By Noah Johnson
Youngstown State University faculty members are on the search for local artists and technology projects leaders to come forth with proposals for Awesome Foundation Youngstown.
Awesome Foundation Youngstown will award a $1,000 grant to the winning proposal. Robert J. Thompson, YSU assistant professor of graphic design and interactive design and founding member of the Youngstown chapter’s twelve trustees, started the local chapter this past summer.
“Awesome Foundation Youngstown is one chapter of a global network of Awesome Foundations,” Thompson said. “My job is to find active and interested trustees and have them commit to a $100 buy-in that would eventually fill the $1,000 grant and to also promote our cause in the community.”
Youngstown received one of 64 Our Town grants from the National Endowment for the Arts to fund the public arts program, INPLACE (Innovative Plan for Leveraging Arts through Community Engagement).
“A lot of this was prompted by the NEA Our Town grant [that] we received to create the INPLACE project,” Thompson said.
Thompson said the INPLACE project really brought a lot of great funding and enthusiasm to the arts community. He intends to use Awesome Foundation Youngstown as a means of assuring an ongoing commitment to investing in Youngstown and its artistic community.
While the grant is focused on creative arts and technology projects within the city limits of Youngstown, Thompson said proposals from outside those categories are considered.
“We’ve gotten applications from folks in Zimbabwe, from startup entrepreneurs that need help funding their business and a grant proposal the other day from a gentleman that wants to buy helmets for local youth football teams,” Thompson said.
Thompson was first exposed to the Awesome Foundation through a contact in the Pittsburgh chapter. The Awesome Foundation has been funding projects since 2009 and veteran chapters like Pittsburgh have awarded several grants that impacted their community through grassroots projects.
“Getting the grant early on helped clear our doubts and affirm that we were onto something,” said Josh Corcoran, a member of one of the organizations impacted in Pittsburgh.
Awesome Pittsburgh’s website describes the organization, Spare Change, as a creating platform for those who have had success playing music to give back while documenting the journey in a professional docuseries.

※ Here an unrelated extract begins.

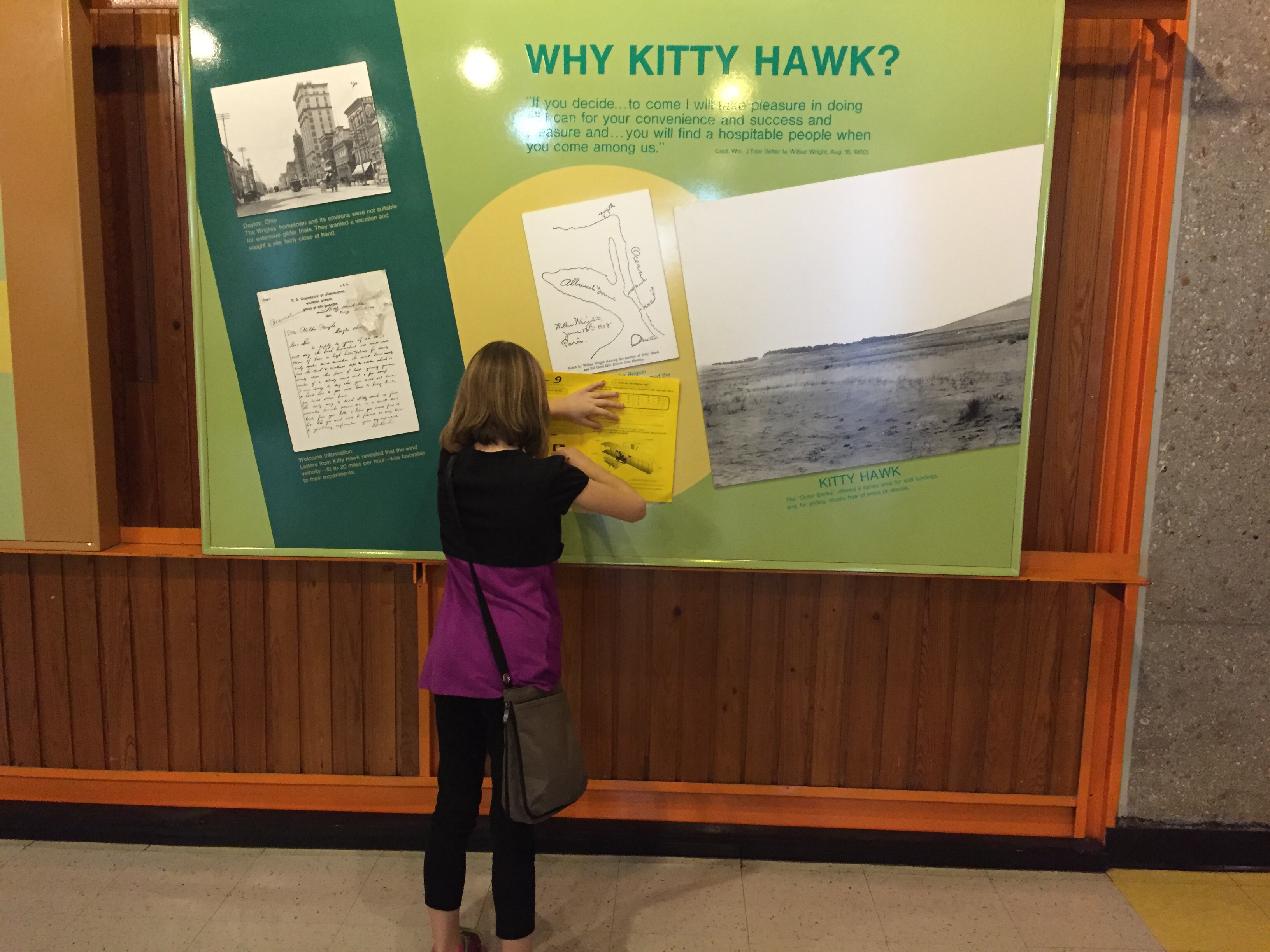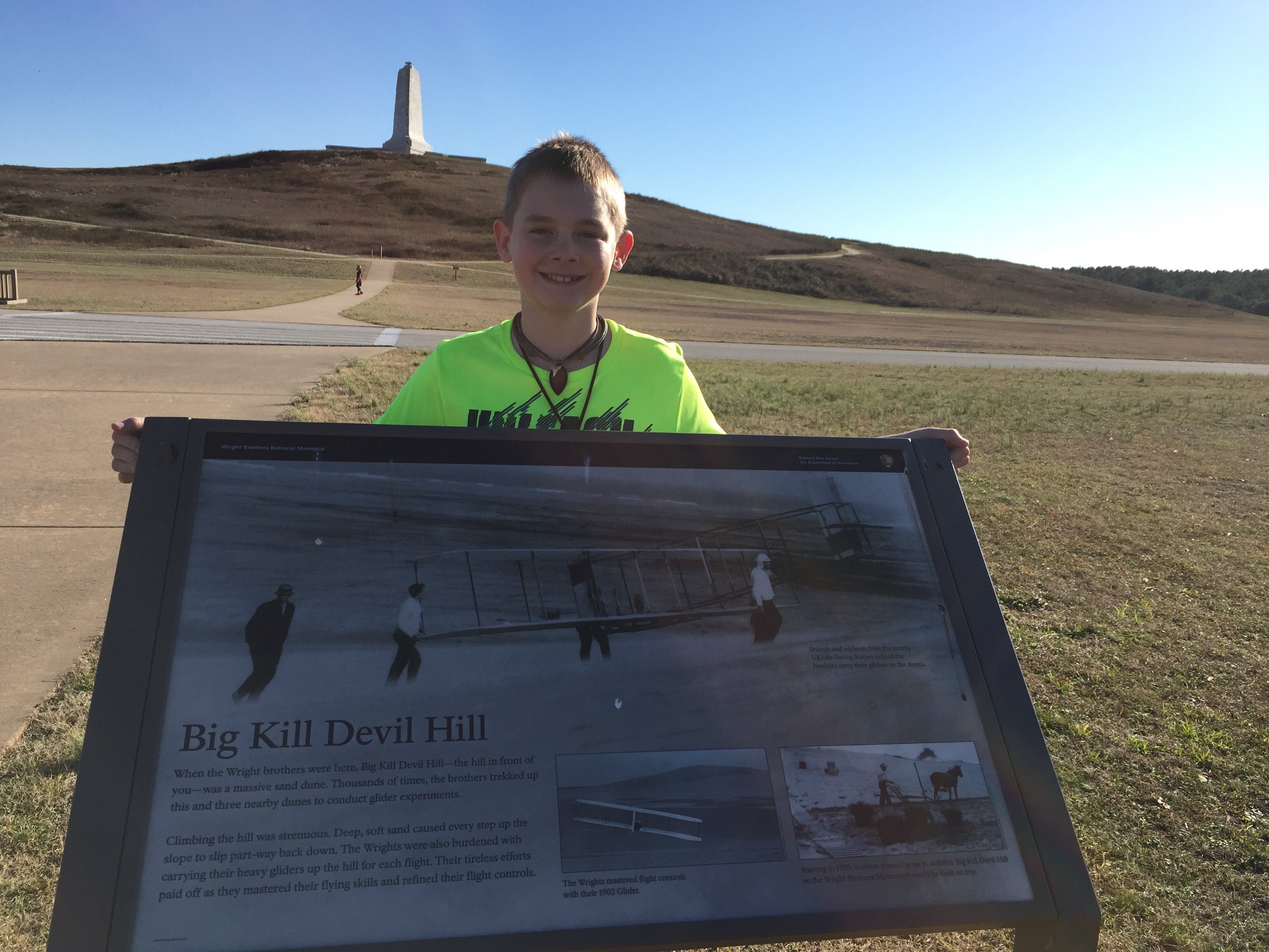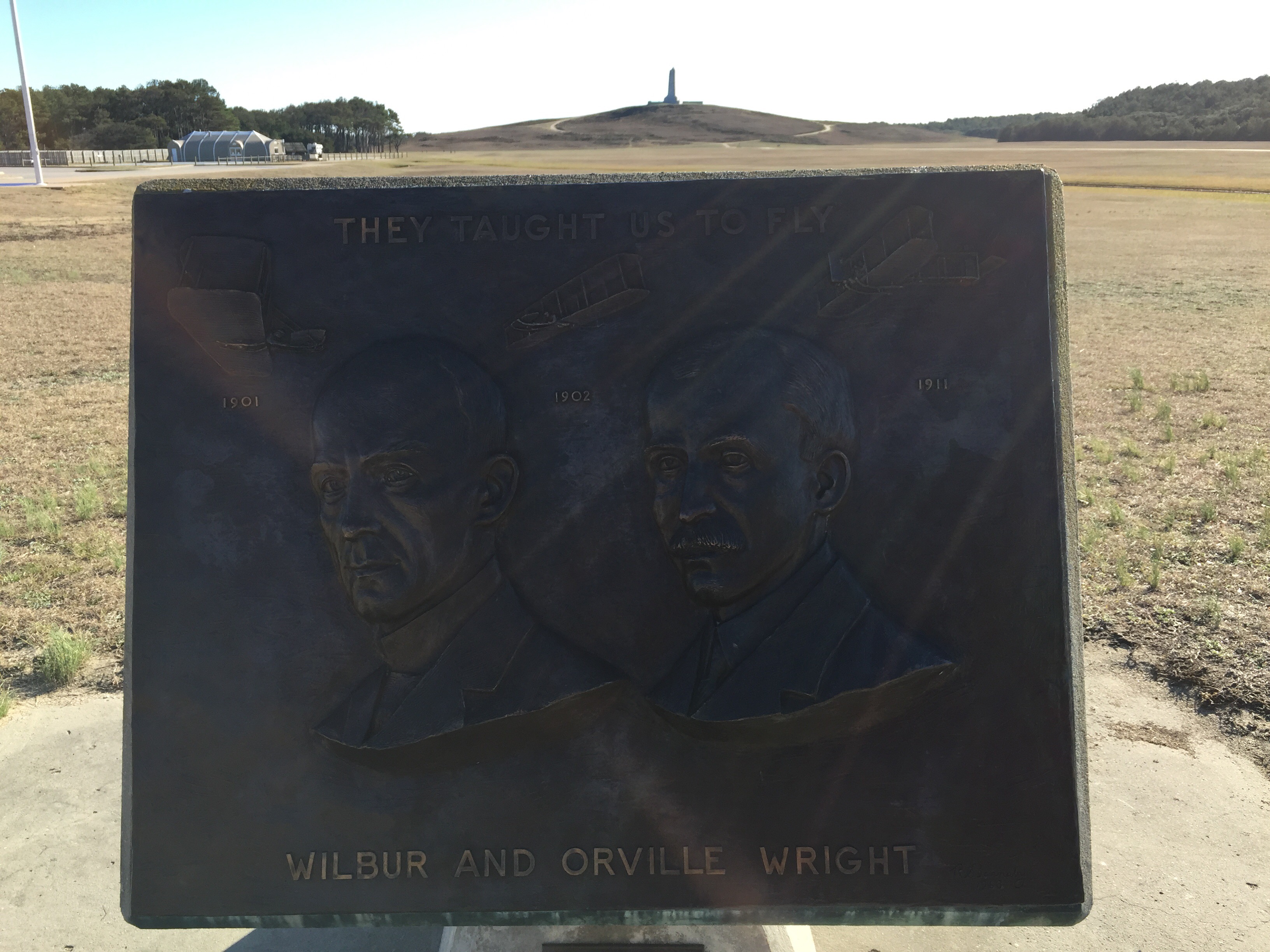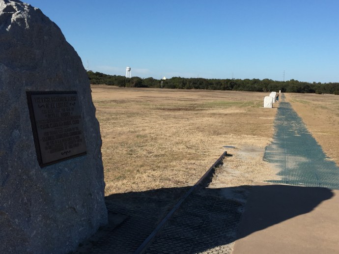 Above: the marker where the first airplane took off on flat ground. Below there are four makers beyond the starting point with numbers on them for the 1st, 2nd, 3rd, and 4th flights. The 4th attempt with the plane flying 800 ft.

The organization expanded their charitable busking operations to proper event hosting after receiving the grant. Their first event raised nearly $300 for the Rainbow Kitchen food bank and the video covering it received approximately 20,000 views in one week on their website www.sparechange.tv.
“Micro-grants are suited to these projects with a reasonable scope yet room to grow,” Thompson said.

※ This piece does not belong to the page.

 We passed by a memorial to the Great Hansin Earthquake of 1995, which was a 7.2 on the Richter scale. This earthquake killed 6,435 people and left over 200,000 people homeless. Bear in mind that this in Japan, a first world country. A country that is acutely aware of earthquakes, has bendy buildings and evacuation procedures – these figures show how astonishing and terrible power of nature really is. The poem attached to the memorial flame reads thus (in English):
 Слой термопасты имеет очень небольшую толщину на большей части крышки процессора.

Lillian Lewis, fellow trustee and YSU assistant professor of art education, agreed by saying she is really interested in something that can have a lasting impact or something that has a ripple effect.

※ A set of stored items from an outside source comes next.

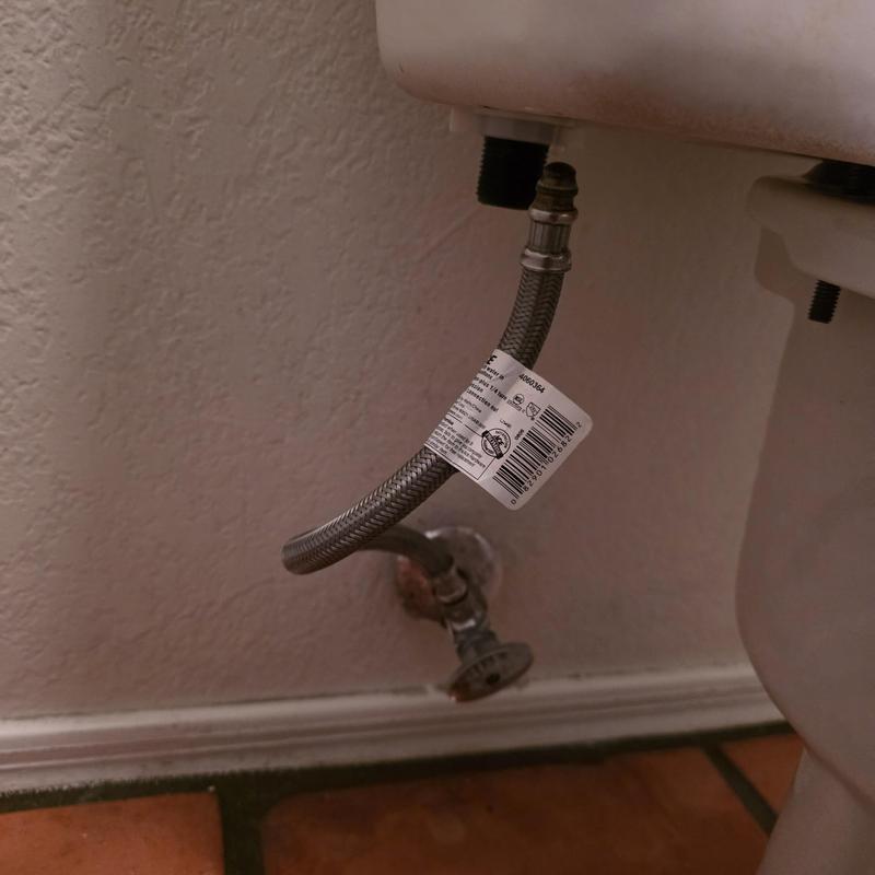 A plumber in Chandler, Arizona responded to an emergency call for a broken toilet supply line. The existing angle stop failed to shut off the water. The plumber replaced both the angle stop and the supply line to restore proper function and prevent further water damage.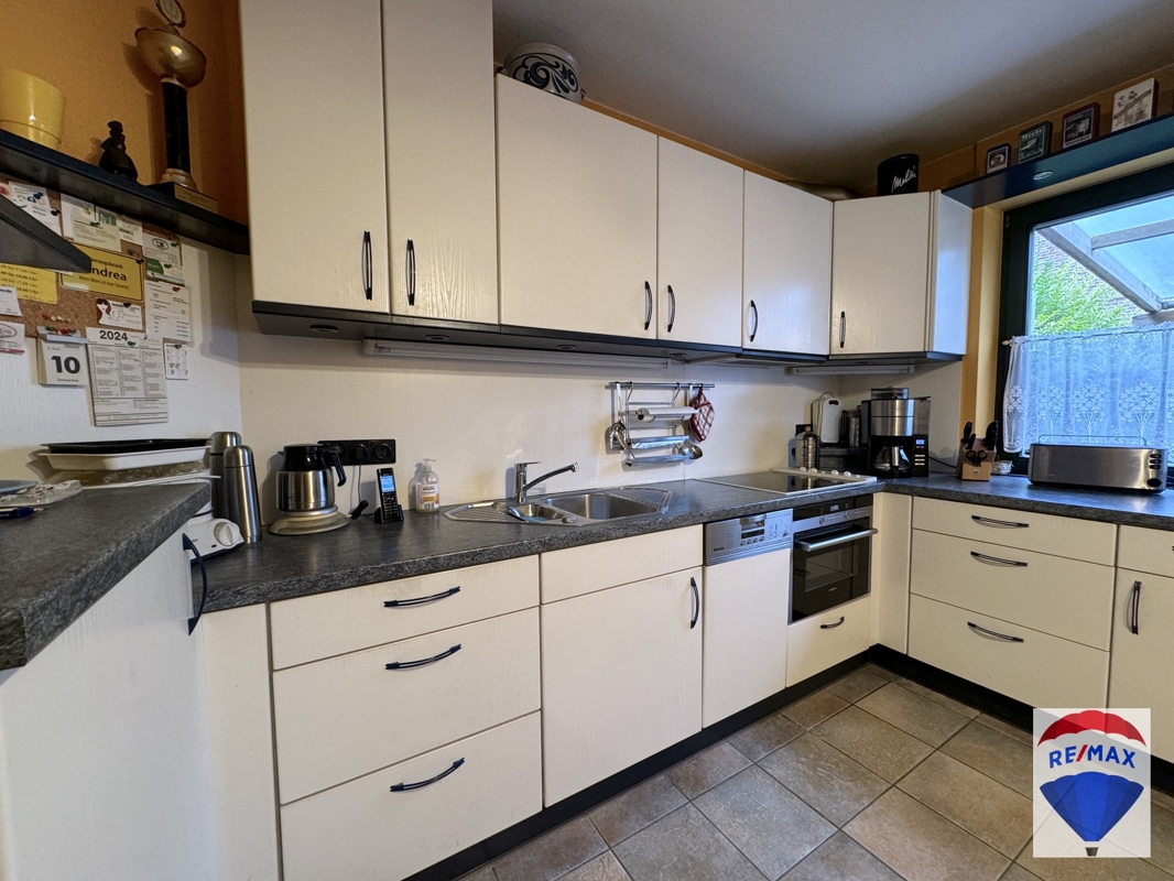 Von einem hellen Eingangsbereich mit Treppenaufgang gelangt man in den Küchenbereich. Die helle und beidseitig bestückte Einbauküche kann optional von den jetzigen Eigentümern nach Absprache übernommen werden. Den Mittelpunkt des Erdgeschosses bildet zweifelsfrei das angrenzende, großzügige Wohn-Esszimmer. Ein großes Fenster und der bodentiefe Ausgang auf die Terrasse lassen den Raum hell und freundlich erstrahlen. Diele, Küche, Gäste-WC und das Wohn-Esszimmer wurden mit hellen Bodenfliesen bestückt. Praktischerweise existiert auf dieser Etage noch ein Hauswirtschaftsraum mit Waschmaschinen-und Trockneranschluss, ein praktischer Abstellraum und das attraktive Gäste-WC im aktuellem Stil.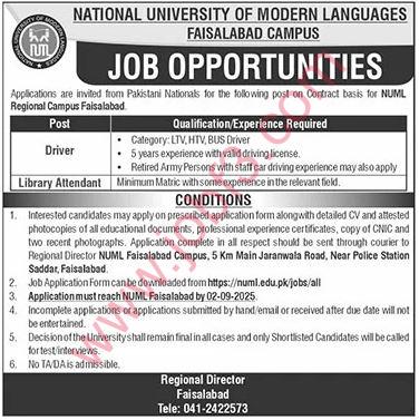The National University of Modern Languages (NUML) is a famous university in Pakistan. It teaches many languages and subjects. NUML has campuses all over the country. Right now, the Lahore Campus is hiring new staff. These are government jobs and are open to all eligible people.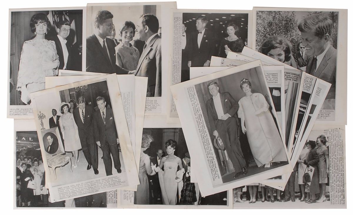 Collection of fifteen glossy wire service press photos, 8 x 10 and 10 x 8, all but one showing Jack and Jackie together at various events, including an official reception at the Quai d’Orsay in Paris, a dinner at The Breakers in Newport, a theater premiere, two of a meeting with Soviet ambassador Andrei Gromyko, an inaugural anniversary dinner, and assorted others. Most bear Associated Press Wirephoto stamps on the reverse and several are stamp-dated 1962. In overall very good to fine condition.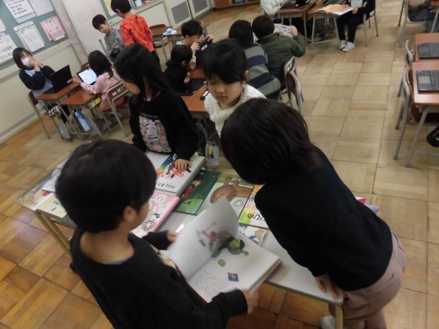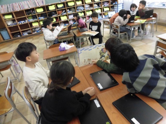国語科の学習では、お気に入りの昔話のおもしろかったところやすきなところをグループで伝え合い、昔話を読んでみました。友達のすきなところを見付けたり、「もっとおもしろいところがあったよ!」と伝え合ったりと楽しみながら昔話の世界を味わっていました。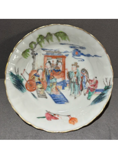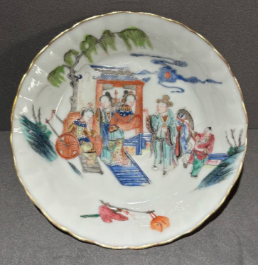 粉彩“长亭送别”图花瓣型盘

“It’s something that is able to reach a number of people, maybe not just in its initial conception but in terms of its implications with how people work with it later,” Lewis said.
She admired the accessibility of the Awesome Foundation’s approach to community investment and said it eliminates a lot of barriers of entry to both funders and awardees.
Those interested in the competition must submit proposals to the foundation by Sept. 8.